* [EXERCISE PROMPT] Take the data below and write it out exactly, except for the pictures.

··· RECORDED INFORMATION

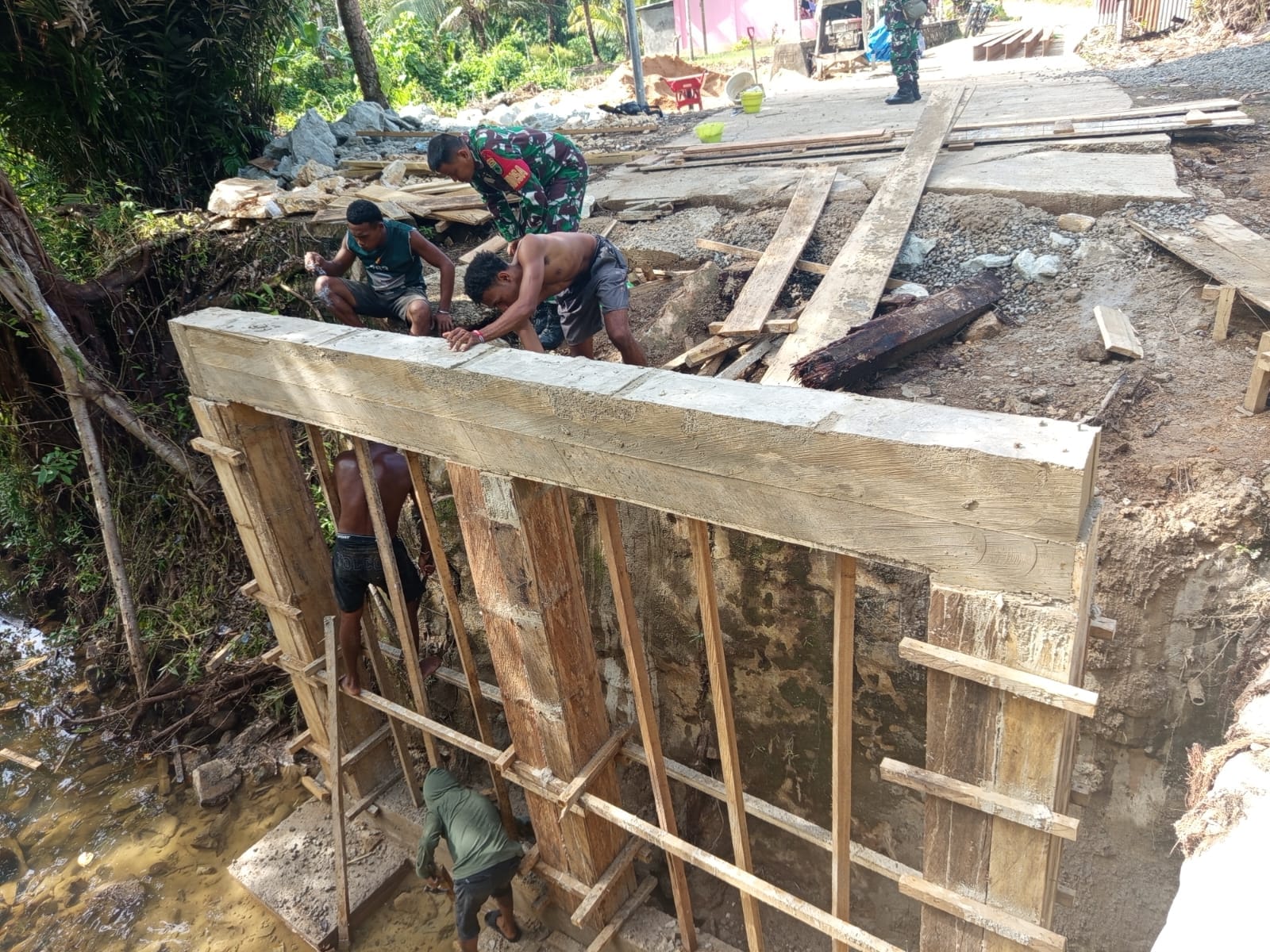 Sorong – Pembangunan Jembatan Garuda Tahap IV Tahun Anggaran 2026 di wilayah Kodim 1802/Sorong terus berjalan sebagai bagian dari upaya meningkatkan konektivitas dan akses masyarakat di Papua Barat Daya ini menjadi salah satu prioritas dalam mendukung kelancaran aktivitas warga, baik dari sisi ekonomi maupun mobilitas sehari-hari. Bertempat di Kampung Klatifi, Distrik Sorong Barat, Kota Sorong. Selasa (14/04/2026)
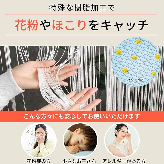 ※目隠しを目的した製品ではござません。間仕切りの透け感の調整は幅を寄せてご使用すると密度が増します。
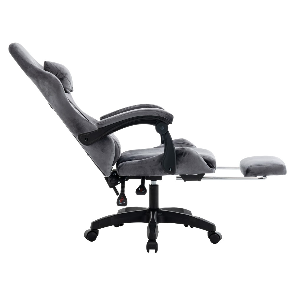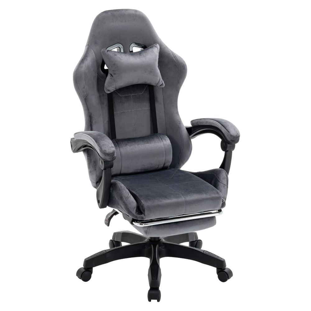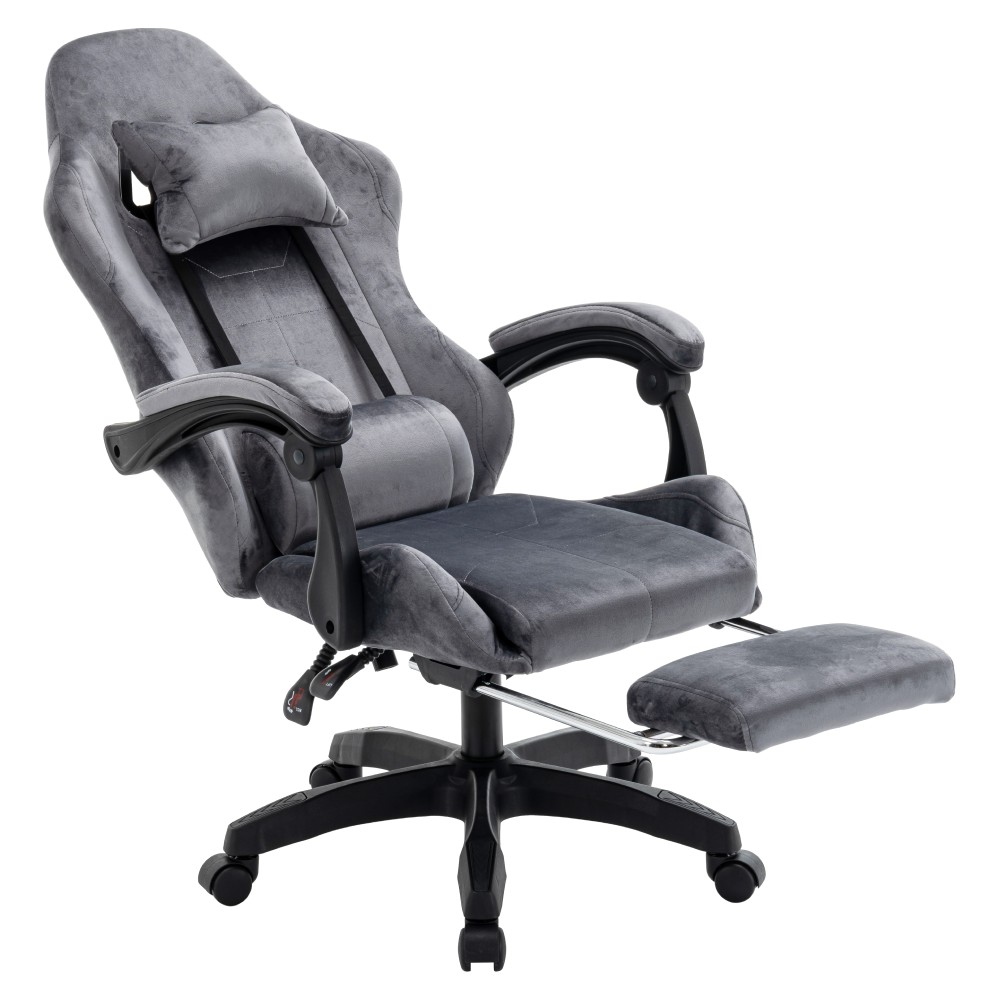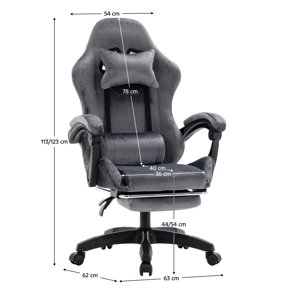 Kreslo LOPES je ideálne pre dlhé sedenie pri práci aj hraní hier a zaujme moderným dizajnom inšpirovaným hernými modelmi. Poskytuje vysoký komfort vďaka nastaviteľnej opierke hlavy, polohovateľnej chrbtovej opierke so sklonom od 90 do 135 stupňov a čalúneným opierkam na ruky. Súčasťou je aj odnímateľná opierka hlavy a bedrová opierka, ktoré zvyšujú pohodlie pri sedení. Praktická výsuvná podnož umožňuje uvoľniť nohy a dopriať si oddych počas dňa. Kreslo má nastaviteľnú výšku sedu a je vybavené mechanizmom hojdania. Stabilitu zabezpečuje päťramenná podstava a jednoduchý pohyb umožňujú univerzálne kolieska vhodné na tvrdé aj mäkké podlahy. Konštrukcia je otočná a vyrobená z kombinácie látky a plastu, čo zaručuje odolnosť aj jednoduchú údržbu. Oderuodolnosť textílie podľa testu Martindale dosahuje 15 000 oderov. Farebné prevedenie v sivej a čiernej pôsobí elegantne a hodí sa do kancelárie, pracovne aj herného priestoru. Rozmery kresla sú (ŠxHxV): 63x62x113-123 cm, pričom výška sedu je nastaviteľná od 44 do 54 cm. Šírka sedu je 36 cm a jeho hĺbka 40 cm. Chrbtová opierka má výšku 78 cm a šírku 54 cm. Nosnosť kresla je 130 kg a jeho hmotnosť je 14 kg. Kreslo sa dodáva v demontovanom stave.
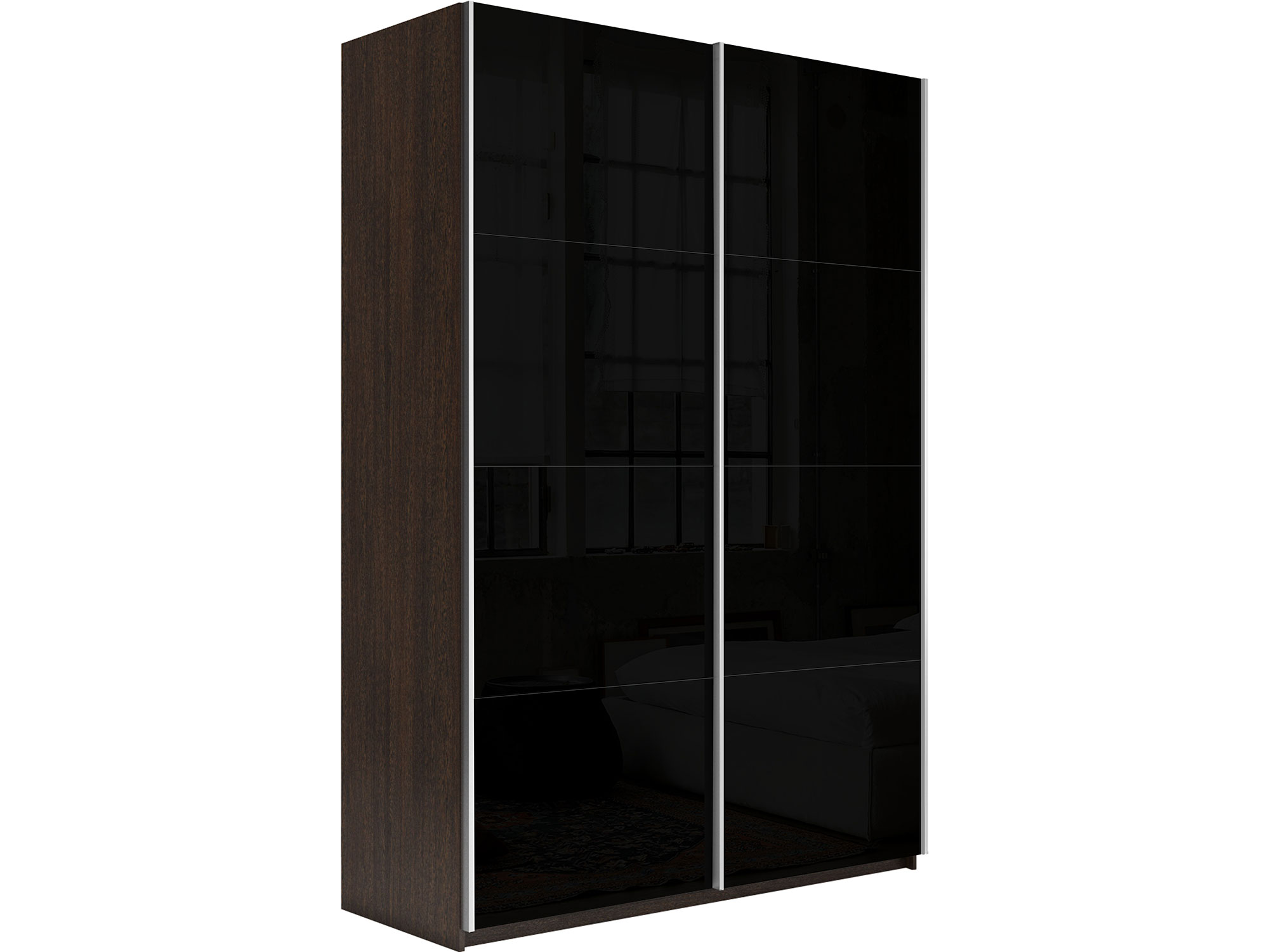 - Шкаф-купе Прайм 2-х дверный 1400 Стекло Черное Венге

······

* [ANSWER FOR THE TASK]
 Sorong – Pembangunan Jembatan Garuda Tahap IV Tahun Anggaran 2026 di wilayah Kodim 1802/Sorong terus berjalan sebagai bagian dari upaya meningkatkan konektivitas dan akses masyarakat di Papua Barat Daya ini menjadi salah satu prioritas dalam mendukung kelancaran aktivitas warga, baik dari sisi ekonomi maupun mobilitas sehari-hari. Bertempat di Kampung Klatifi, Distrik Sorong Barat, Kota Sorong. Selasa (14/04/2026)
 ※目隠しを目的した製品ではござません。間仕切りの透け感の調整は幅を寄せてご使用すると密度が増します。
 Kreslo LOPES je ideálne pre dlhé sedenie pri práci aj hraní hier a zaujme moderným dizajnom inšpirovaným hernými modelmi. Poskytuje vysoký komfort vďaka nastaviteľnej opierke hlavy, polohovateľnej chrbtovej opierke so sklonom od 90 do 135 stupňov a čalúneným opierkam na ruky. Súčasťou je aj odnímateľná opierka hlavy a bedrová opierka, ktoré zvyšujú pohodlie pri sedení. Praktická výsuvná podnož umožňuje uvoľniť nohy a dopriať si oddych počas dňa. Kreslo má nastaviteľnú výšku sedu a je vybavené mechanizmom hojdania. Stabilitu zabezpečuje päťramenná podstava a jednoduchý pohyb umožňujú univerzálne kolieska vhodné na tvrdé aj mäkké podlahy. Konštrukcia je otočná a vyrobená z kombinácie látky a plastu, čo zaručuje odolnosť aj jednoduchú údržbu. Oderuodolnosť textílie podľa testu Martindale dosahuje 15 000 oderov. Farebné prevedenie v sivej a čiernej pôsobí elegantne a hodí sa do kancelárie, pracovne aj herného priestoru. Rozmery kresla sú (ŠxHxV): 63x62x113-123 cm, pričom výška sedu je nastaviteľná od 44 do 54 cm. Šírka sedu je 36 cm a jeho hĺbka 40 cm. Chrbtová opierka má výšku 78 cm a šírku 54 cm. Nosnosť kresla je 130 kg a jeho hmotnosť je 14 kg. Kreslo sa dodáva v demontovanom stave.
 - Шкаф-купе Прайм 2-х дверный 1400 Стекло Черное Венге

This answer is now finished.